I'm afraid, though, that the idea is more fun than the actual story. There are plenty of jokes as you go along, and some suspense based on how closely the author bases some of this on actual historical events (Prince Albert dies young, but how young--and does he STAY dead?).
One of the jokes, naturally, is Victoria's famous "we are not amused." Here it is uttered by a celebrity stand-in for Victoria, and has to be explained to the Queen:
"Do I say that?" she said.
"I think it has been known, ma'am," replied the Prime Minister. "I believe you were once quoted in letters as having said it in response to a ribald aside made by one of the grooms-in-waiting."
"Was I? But I like ribald jokes, as you well know."
"Indeed, ma'am, but I do believe that in that instance you were speaking for the ladies around you, in the event that they might have been scandalised by the unsavoury humour, hence your use of 'we', which was not in this instance a case of you employing the majestic plural, though it seems to have been interpreted by wider society in this manner."
There's plenty of gore, several fight scenes (one in which a disguised Queen is cheered on by the other demon fighters as "Tora...Tora....") and in addition to the prime minister, referred to by Victoria as "Lord M," it turns out that the Queen also has a "Q," the "Quartermaster" who makes elaborate secret weapons for demon fighters.
If those kinds of jokes don't make you groan enough, try some of the dialogue between Lord Quimby, who studied voodoo in Jamaica, and his revenant man-servant Perkins.
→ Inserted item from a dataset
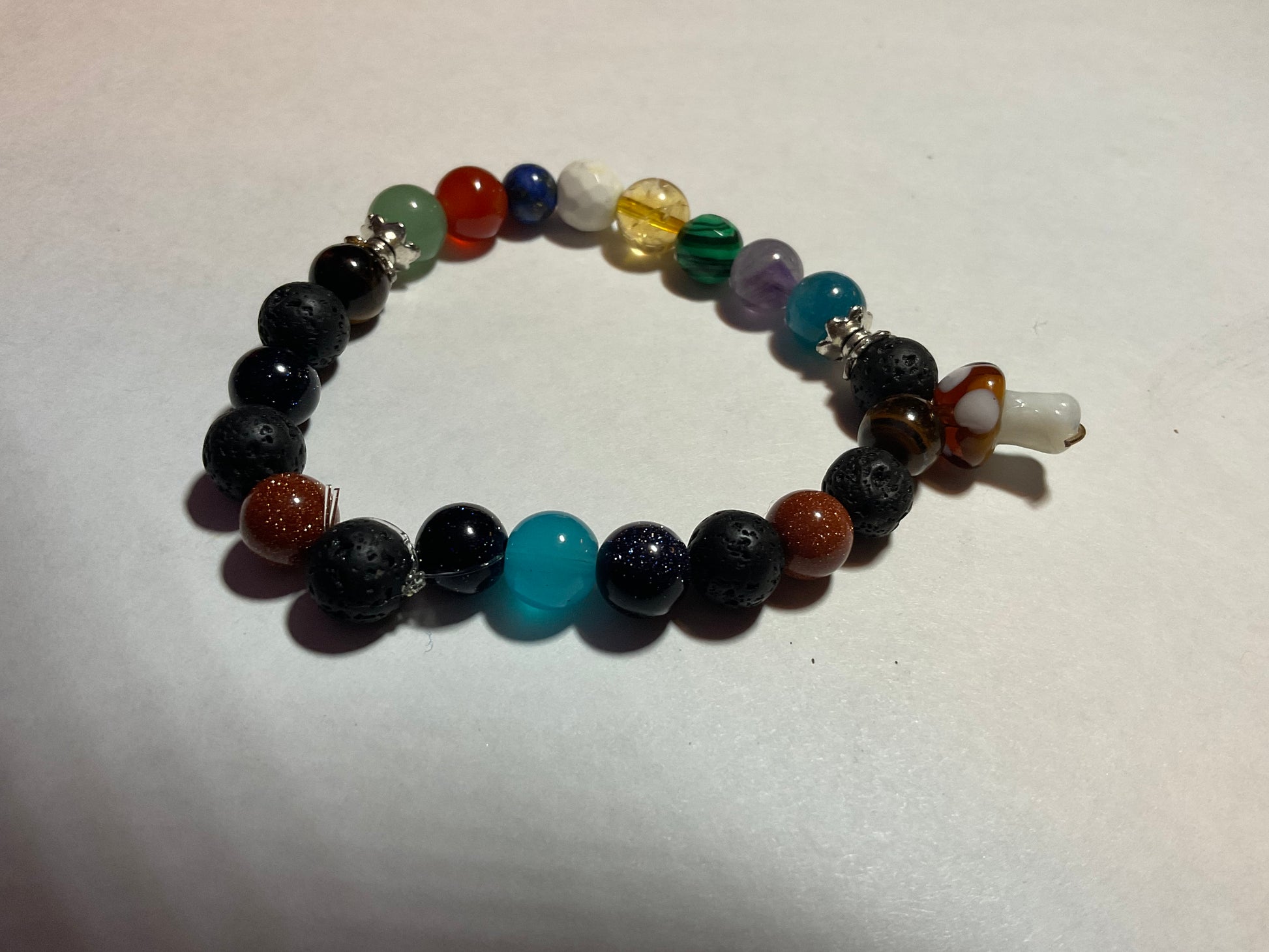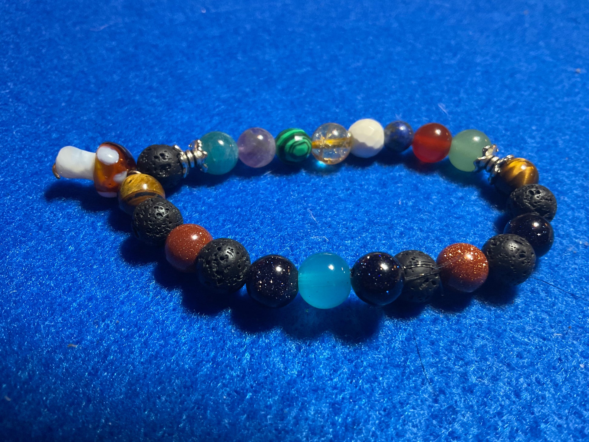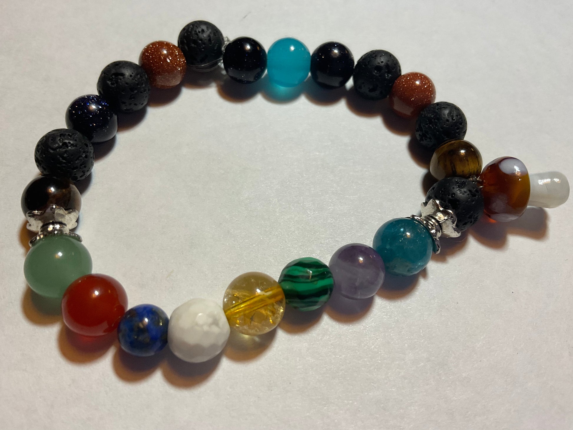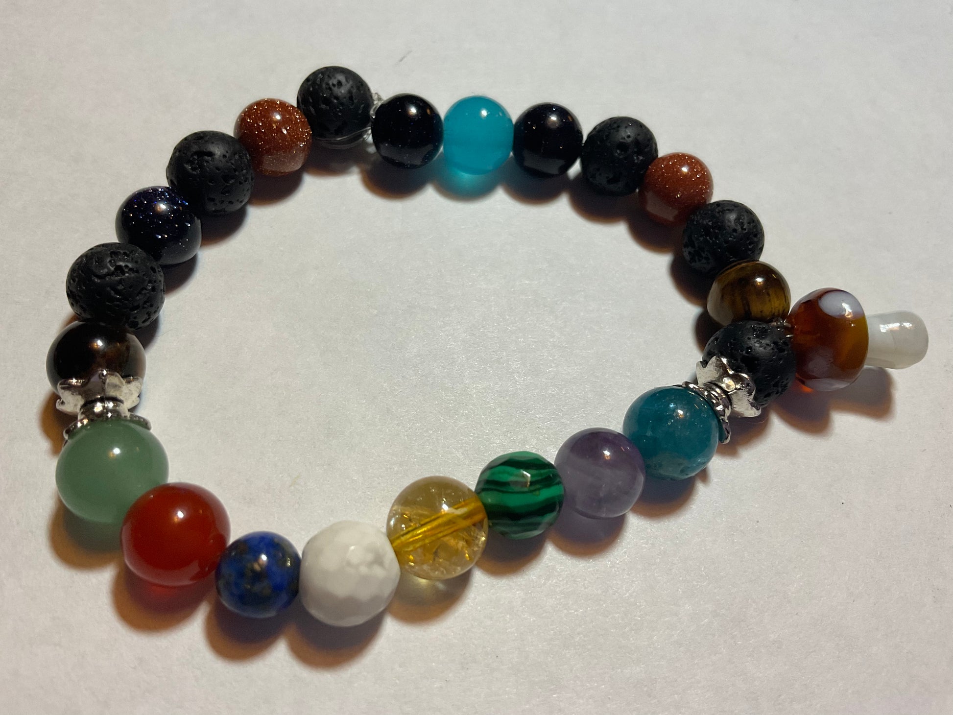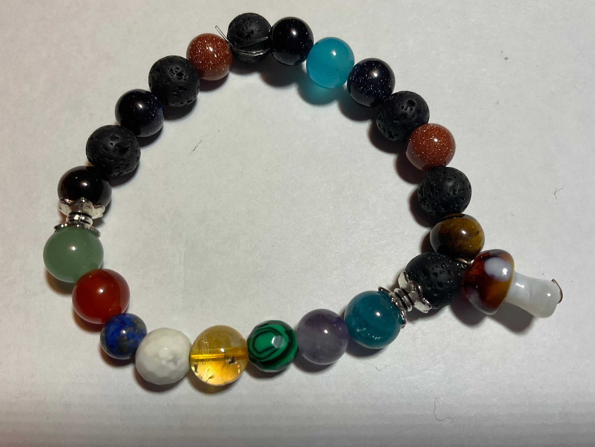 Goldstone, Blue Goldstone, Black Lava rock,Aquamarine,Amethyst, Malachite ,Citrine, Howlite, Carnelian, & Aventurine, featuring a mushroom charm dangling from the bracelet. It measures 7 3/4 inches around and is elastic so one size fits most. .Thank you for looking, & visiting my site! All orders come gift boxed and wrapped in ribbon.

At a climactic moment when Quimby is defending Perkins from the forces of (even greater) evil, he
"used every ounce of pugilistic experience he had ever acquired at Harrow, then at Oxford, to deliver an uppercut.
His pugilistic experience at these establishments, however, bordered on the non-existent. And rather than sending Conroy crashing back into the benches as had been his intention, he hardly even rocked the man."
And if that dialogue doesn't fulfill all your masochistic urges for the day, there's a running gag (puns intended) about Perkin's leg coming off.
The fish-out-of-water joke of zombies, demons, and other assorted supernatural beings (some of them with ninja skills) inhabiting Victorian England quickly gets old, so the second part of the book focuses on Victoria's skills as a demon-fighter, and the secret about her that could shake the kingdom. Or, as is far more likely in this book, bite it in the butt.